On 18 October, Ugandan MiGs bombed Bukoba, the capital of the West Lake Region. Despite ineffectual Tanzanian anti-aircraft fire, the bombings caused little damage. However, the explosions' reverberations shattered windows and incited the population to panic. In contrast to Tanzania's silence, Radio Uganda reported a Tanzanian "invasion" of Ugandan territory with accounts of fictional battles, and detailed that Tanzanian troops had advanced 15 km into Uganda, killing civilians and destroying property. Amin told residents in Mutukula that in spite of the "attack", he still hoped for good relations with Tanzania. At the same time, Radio Uganda's Kinyankole language broadcasts—which were closely monitored and understood by West Lake residents—virulently criticised Nyerere and claimed that Tanzanians wished to fall under Ugandan jurisdiction to escape the former's rule. Meanwhile, the Ugandan regime came under increased internal strain.
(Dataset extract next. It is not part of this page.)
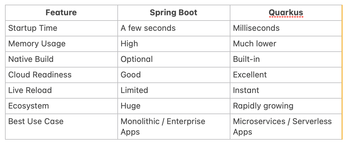 If you’re from a Spring Boot background (like most Java developers), here’s how Quarkus stacks up:
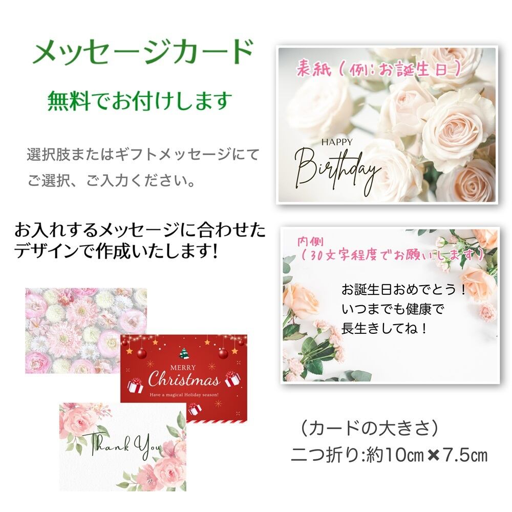 ・無料でメッセージカードをお付けできます。ご希望の方は選択肢でお選びいただき、内容を備考欄へご入力ください(30文字まででお願いします)。

Dozens of soldiers of the Masaka garrison deemed disloyal were executed, rival government agents got in a shootout in Kampala, and more agents were killed while attempting to arrest a former finance minister.

=== Invasion of Kagera ===
==== Ugandan offensive ====

Uganda occupied the area north of Kagera River, the modern-day Missenyi District (red)

At dawn on 25 October, (Note: According to Ugandan sources, the first major attack took place on 22 October.) Tanzanian observers equipped with a telescope noticed large amounts of Ugandan vehicular activity in Mutukula. Ugandan artillery then opened fire while ground forces advanced. All Tanzanian troops broke and fled under fire except for a platoon which was quickly withdrawn. Over 2,000 Ugandan soldiers under the command of Lieutenant Colonel Marajani, Lieutenant Colonel Butabika, and Colonel Kisuule attacked Kagera. The Ugandan forces were equipped with T-55 and M4A1 Sherman tanks, along with OT-64 SKOT Armoured Personnel Carriers (APC), as well as Alvis Saladin armoured cars, and advanced in two columns under the direct command of Butabika and Kisuule respectively. Despite encountering no or only light resistance, the Ugandan advance was slowed by the terrain, as Butabika's column got stuck in mud near Kabwebwe, and had to wait for hours before being able to get any further.

The Tanzanians began monitoring Ugandan radio frequencies, and were able to overhear transmissions between Marajani and Republic House, the Uganda Army's headquarters in Kampala. Marajani reported heavy resistance despite the fact that all TPDF personnel had withdrawn from the border area. The Tanzanians set up their artillery 10 km from the Ugandans and fired several shells, causing them to retreat across the border. (Note: According to Ugandan sources, the first attack on Kagera was repelled after one day had passed.) Throughout the rest of the day, Ugandan MiGs crossed into Tanzanian airspace, where they were harassed by inconsequential anti-aircraft fire. Having been defeated, the Ugandans prepared a new attack.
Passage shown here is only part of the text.